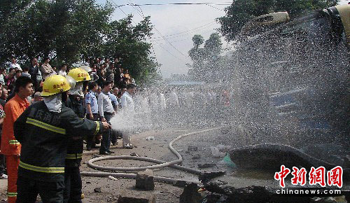 图为当地消防正用水枪为客车降温。中新社发 刘国平 摄
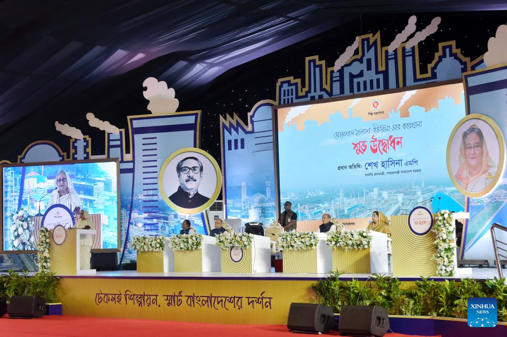 Speaking at the launching ceremony on Sunday, Hasina said it is Bangladesh's first fertilizer plant capable of capturing carbon dioxide, thus increasing the country's urea fertilizer production by 10 percent.
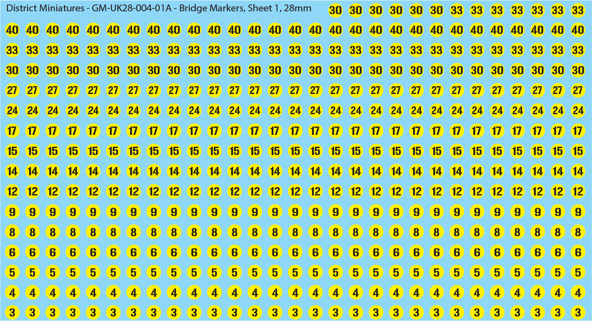 WW2 British - Bridge Weight Markers, 28mm Decals
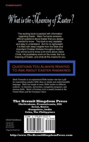 QUESTIONS YOU ALWAYS WANTED TO ASK ABOUT EASTER ANSWERED is packed with information regarding Easter. Mark Fernando answers difficult questions about Easter that you always wanted to know. The book is very readable and easy to understand. But it's no lightweight. It is filled with deep insights from the Bible and important Christian thinkers throughout history. You will be sure to know a lot more about Jesus Christ, His propitiatory work on the cross, the true meaning of Easter, and what all this means for you. Some of the questions addressed are: Did Jesus Really Rise from the Dead? Who Killed Jesus? Why Did God Have to Die to Save Humans? This book is excellent for Bible Study leaders to use as a guide or as a textbook for Sunday School classes at church or group Bible studies in the university or high school setting. As the book addresses many important issues relating to the foundation of the Christian faith, this book will prove to be very valuable for mature Christians and new Christians alike. This book aims to help Christians understand what they believe in a systematic and logical manner.
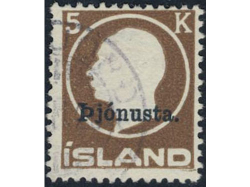 Iceland. Official Facit Tj54 used, 1922 Surcharge Þjonusta 5 Kr brown. SEK 2200 Iceland. Official Facit Tj54 used, 1922 Surcharge Þjonusta 5 Kr brown. SEK 2200 Visa mindre
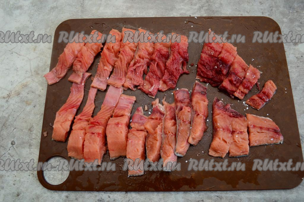 Два полученных филе горбуши нарезать на кусочки шириной около 2 сантиметров.
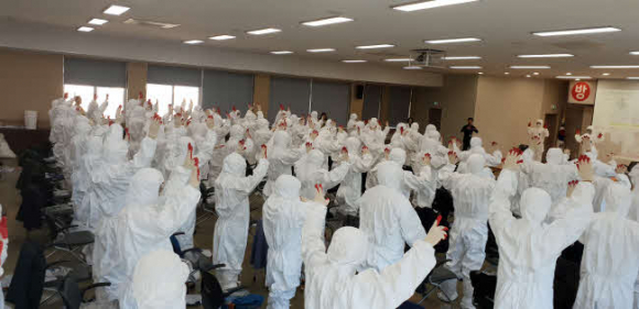 최근 특별방역대책기간(18.10.1 ~ 19.2.28)이 실시됨에 따라 안전하고 정확한 방역업무 수행을 위해, 방역활동 수행 시 인체감염 예방·행동지침·조치사항 등을 살처분 및 매몰작업 동원 인원 120명에게 교육하였다.
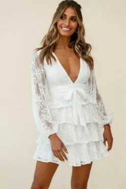 Make an entrance in our stunning Queensland dress. Partially lined, it features gorgeous lace fabric throughout, long balloon sleeves, a gorgeous tiered frill skirt, deep V-neckline and a belted waist tie. This dress oozes flirty and fun. Perfect for a birthday party or date night, teamed with nude pumps and a clutch.
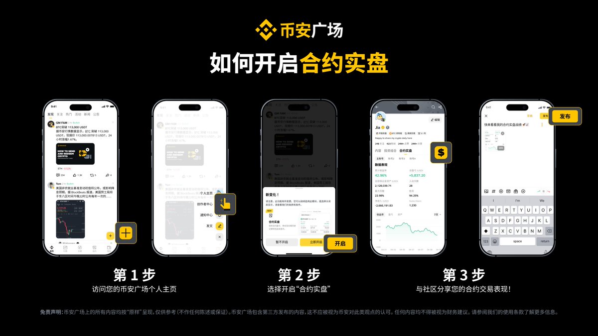 1️⃣开启合约实盘,带话题标签 #币安合约实盘 分享您的实盘成绩截图,即可瓜分2万USDT代币券奖励!
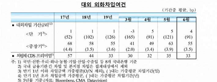 국내은행의 대외차입 가산금리는 5월 중 미리 조달이 이뤄진 데 따른 차입수요 감소에 힘입어 전월 대비 하락했다. 1년 미만 단기차입의 가산금리는 5월 말 5bp에서 지난달 말 4bp로, 1년 이상 장기 차입금은 같은 기간 63bp에서 55bp로 각각 낮아졌다.
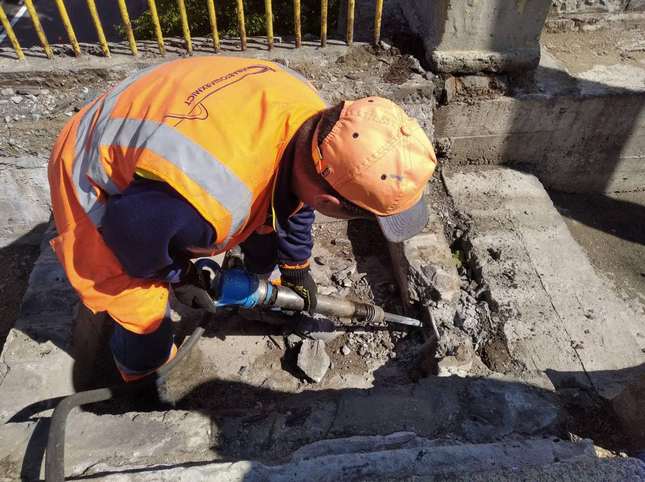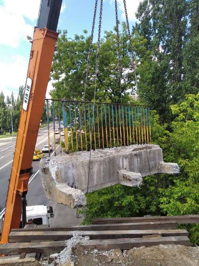 На Дегтярівському шляхопроводі завершено перший етап протиаварійних робіт. Зокрема, працівники КП «Київавтошляхміст» демонтували карнизні блоки, тротуарні плити і перильне огородження з боку вулиці О. Теліги.
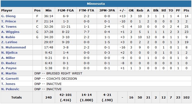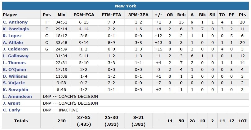 Carmelo Anthony est passé à une passe d’un triple-double cette nuit avec 20 points, 15 rebonds et 9 passes dans la victoire des Knicks 107-102 sur Minnesota. Il a été bien aidé par les 29 points d’Arron Afflalo et les 11 points, 6 rebonds, 6 contres (tous en première mi-temps) et 3 passes de Kristaps Porzingis.
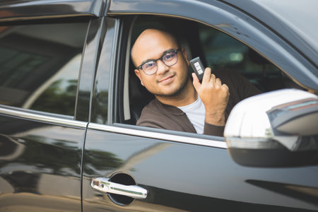 Young asian man driving car. Relaxing, Holiday, Activities, travel, Insurance agent concept.

###

A word-for-word transcription of the listing is needed, minus its images.

» TASK OUTPUT:
 图为当地消防正用水枪为客车降温。中新社发 刘国平 摄
 Speaking at the launching ceremony on Sunday, Hasina said it is Bangladesh's first fertilizer plant capable of capturing carbon dioxide, thus increasing the country's urea fertilizer production by 10 percent.
 WW2 British - Bridge Weight Markers, 28mm Decals
 QUESTIONS YOU ALWAYS WANTED TO ASK ABOUT EASTER ANSWERED is packed with information regarding Easter. Mark Fernando answers difficult questions about Easter that you always wanted to know. The book is very readable and easy to understand. But it's no lightweight. It is filled with deep insights from the Bible and important Christian thinkers throughout history. You will be sure to know a lot more about Jesus Christ, His propitiatory work on the cross, the true meaning of Easter, and what all this means for you. Some of the questions addressed are: Did Jesus Really Rise from the Dead? Who Killed Jesus? Why Did God Have to Die to Save Humans? This book is excellent for Bible Study leaders to use as a guide or as a textbook for Sunday School classes at church or group Bible studies in the university or high school setting. As the book addresses many important issues relating to the foundation of the Christian faith, this book will prove to be very valuable for mature Christians and new Christians alike. This book aims to help Christians understand what they believe in a systematic and logical manner.
 Iceland. Official Facit Tj54 used, 1922 Surcharge Þjonusta 5 Kr brown. SEK 2200 Iceland. Official Facit Tj54 used, 1922 Surcharge Þjonusta 5 Kr brown. SEK 2200 Visa mindre
 Два полученных филе горбуши нарезать на кусочки шириной около 2 сантиметров.
 최근 특별방역대책기간(18.10.1 ~ 19.2.28)이 실시됨에 따라 안전하고 정확한 방역업무 수행을 위해, 방역활동 수행 시 인체감염 예방·행동지침·조치사항 등을 살처분 및 매몰작업 동원 인원 120명에게 교육하였다.
 Make an entrance in our stunning Queensland dress. Partially lined, it features gorgeous lace fabric throughout, long balloon sleeves, a gorgeous tiered frill skirt, deep V-neckline and a belted waist tie. This dress oozes flirty and fun. Perfect for a birthday party or date night, teamed with nude pumps and a clutch.
 1️⃣开启合约实盘,带话题标签 #币安合约实盘 分享您的实盘成绩截图,即可瓜分2万USDT代币券奖励!
 국내은행의 대외차입 가산금리는 5월 중 미리 조달이 이뤄진 데 따른 차입수요 감소에 힘입어 전월 대비 하락했다. 1년 미만 단기차입의 가산금리는 5월 말 5bp에서 지난달 말 4bp로, 1년 이상 장기 차입금은 같은 기간 63bp에서 55bp로 각각 낮아졌다.
 На Дегтярівському шляхопроводі завершено перший етап протиаварійних робіт. Зокрема, працівники КП «Київавтошляхміст» демонтували карнизні блоки, тротуарні плити і перильне огородження з боку вулиці О. Теліги.
 Carmelo Anthony est passé à une passe d’un triple-double cette nuit avec 20 points, 15 rebonds et 9 passes dans la victoire des Knicks 107-102 sur Minnesota. Il a été bien aidé par les 29 points d’Arron Afflalo et les 11 points, 6 rebonds, 6 contres (tous en première mi-temps) et 3 passes de Kristaps Porzingis.
 Young asian man driving car. Relaxing, Holiday, Activities, travel, Insurance agent concept.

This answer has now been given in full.